Is it worth the trouble of creating a display or trial garden at your nursery?
We spoke to several growers about the challenges and benefits
Many wholesale and even retail nurseries establish a display garden on their premises. These gardens can impress, instruct and inspire customers, while showing them what the plants look like in a natural setting next to other plants.
Some nurseries establish trial gardens which can be similar in look or purpose; however, each nursery’s approach to creating a display garden is as varied as the operation size, customer base and nursery stock.
We spoke with several growers to learn about the challenges and benefits of establishing and maintaining a trial or display garden.
New office, new tactic for display
At KG Farms Inc. (Woodburn, Oregon), a wholesale nursery that grows deciduous trees, broadleaf evergreen shrubs, and coniferous trees and shrubs in larger sizes, a brand-new office built three years ago offered the perfect opportunity to install the display garden the nursery never had.
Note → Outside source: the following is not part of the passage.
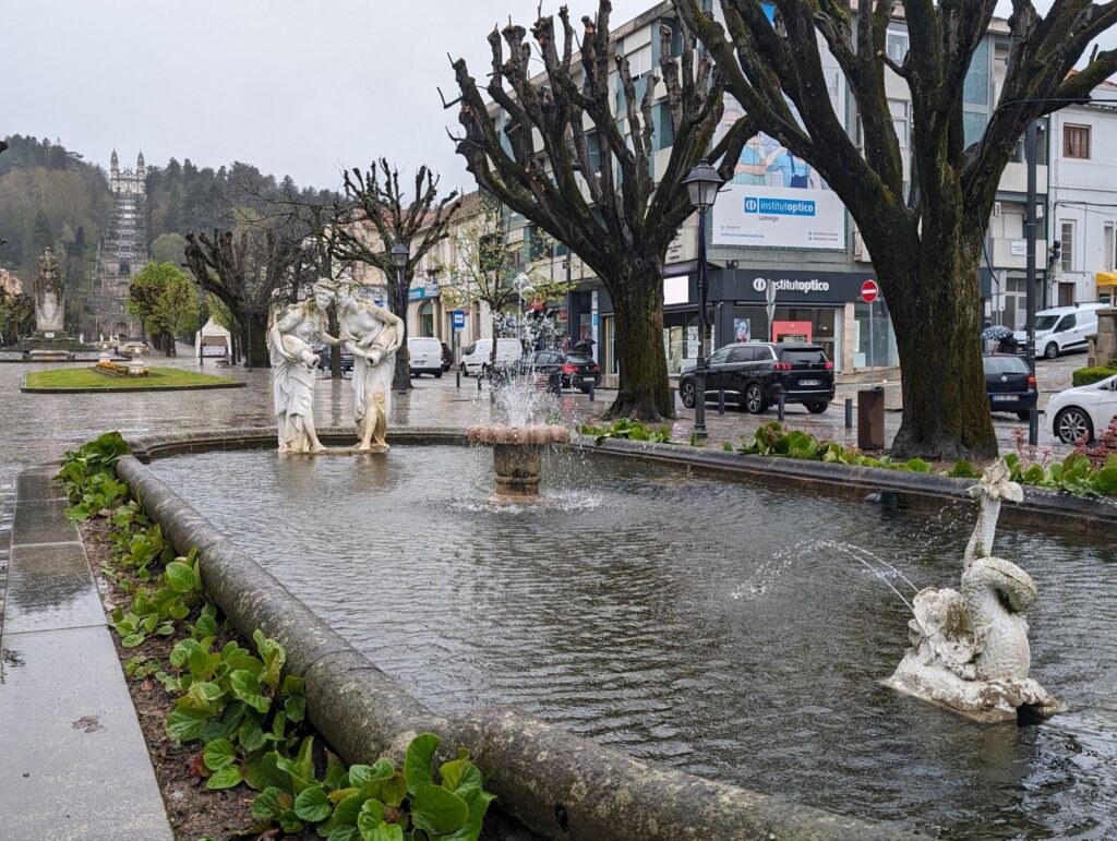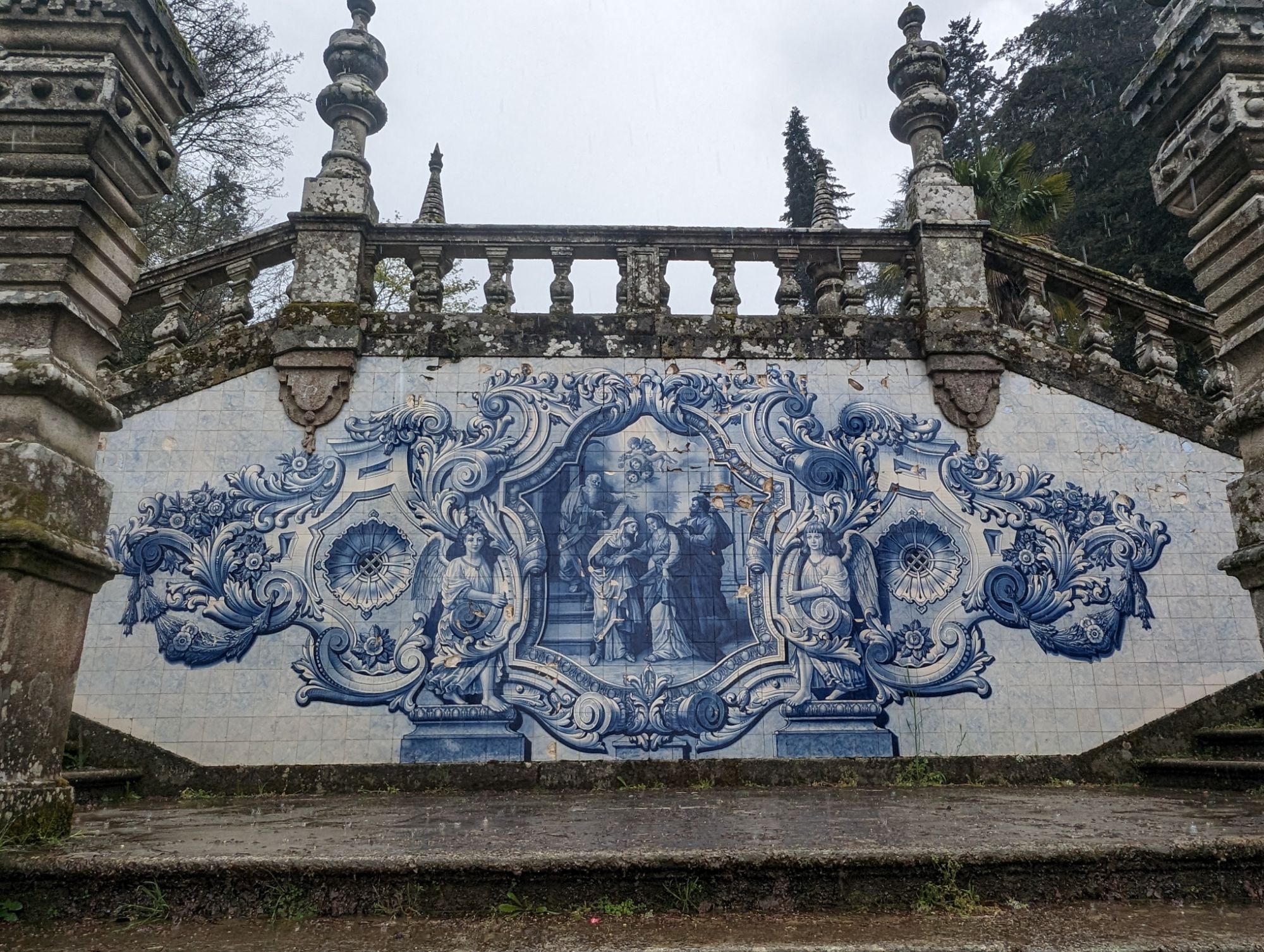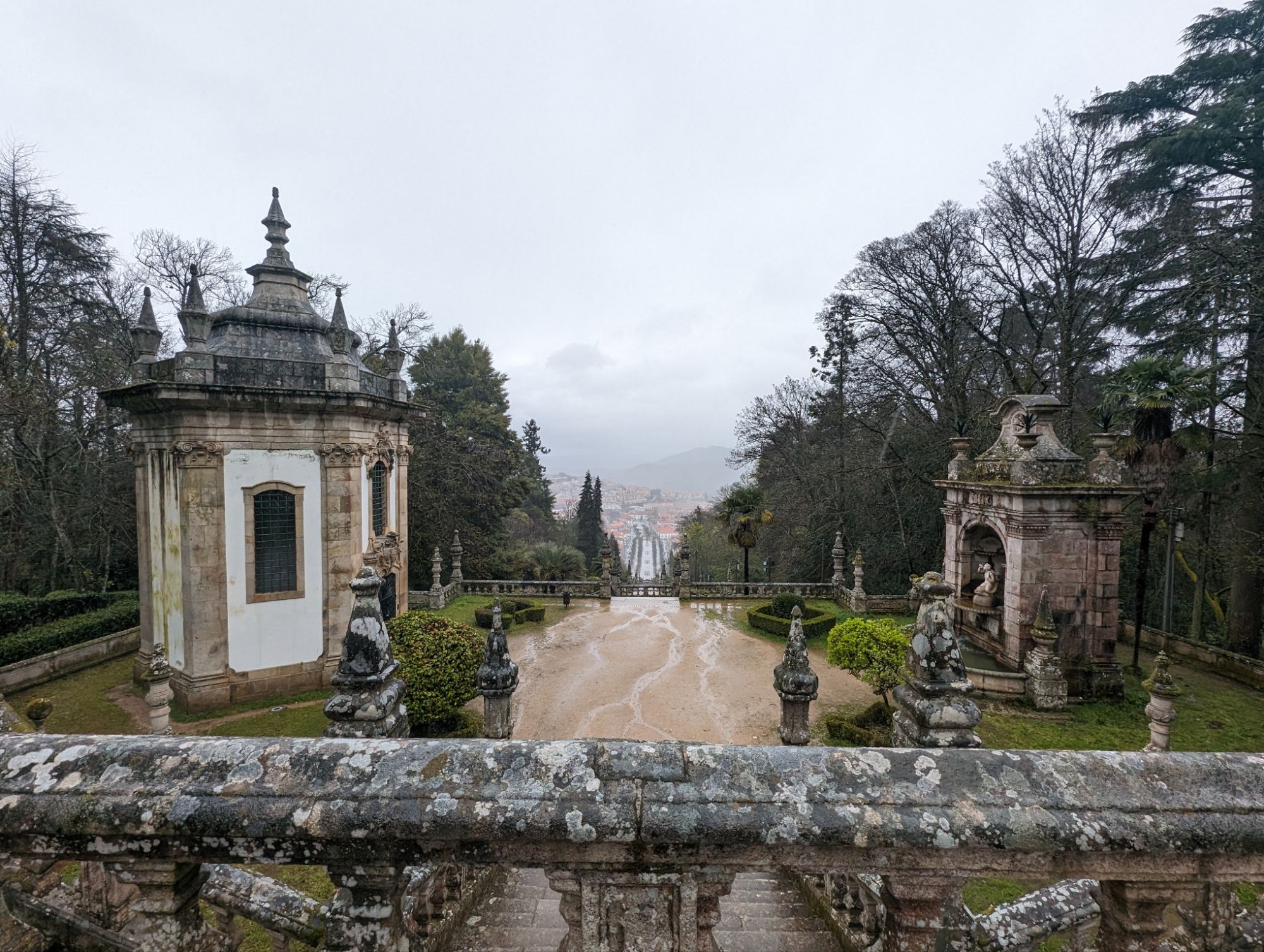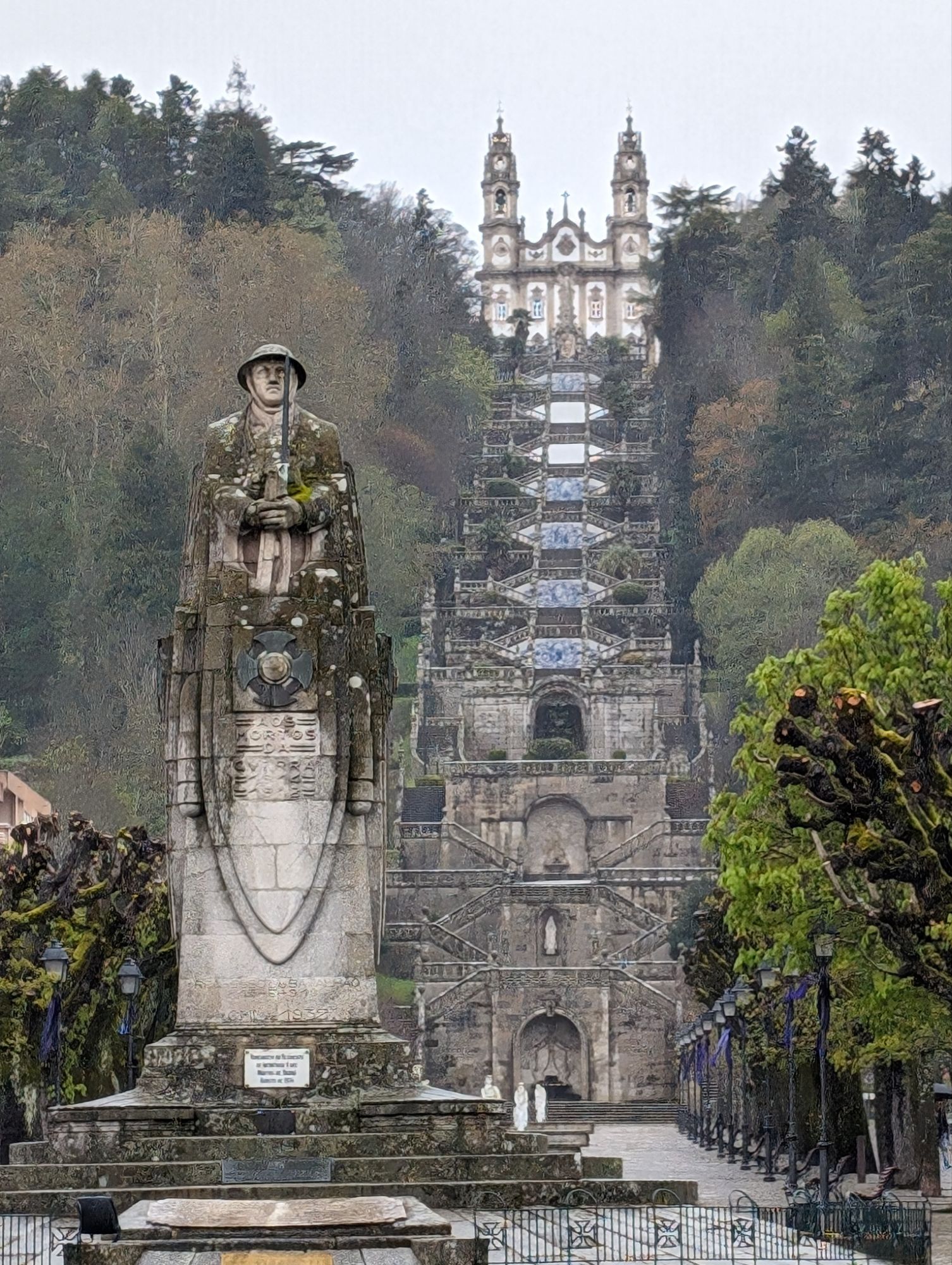 The Santuario Nossa Senhora dos Remedios is perched on a hill above the town of Lamego. To reach the Church you climb up sets of zigzag stairs from the wide avenue at the edge of the town. The view is worth the climb. Due to the rain we were dropped off at the top and viewed the inside of the church first. I then started at the top of the stairs and went down instead.

Starting with a blank canvas allowed the nursery to design a ¾-acre garden that would present the nursery’s plants in a much more specific and appealing way than in the field. It also provided an opportunity for customers to observe how individually ordered items, such as specimen grafted conifers, appeared in a landscape alongside grouped commodity items (such as boxwoods, for example).
“People like to see how they can utilize the trees in a landscape rather than just having it at a garden center,” said Jay Sanders, KG Farms sales manager. “They like to see how it is displayed in a landscape design.”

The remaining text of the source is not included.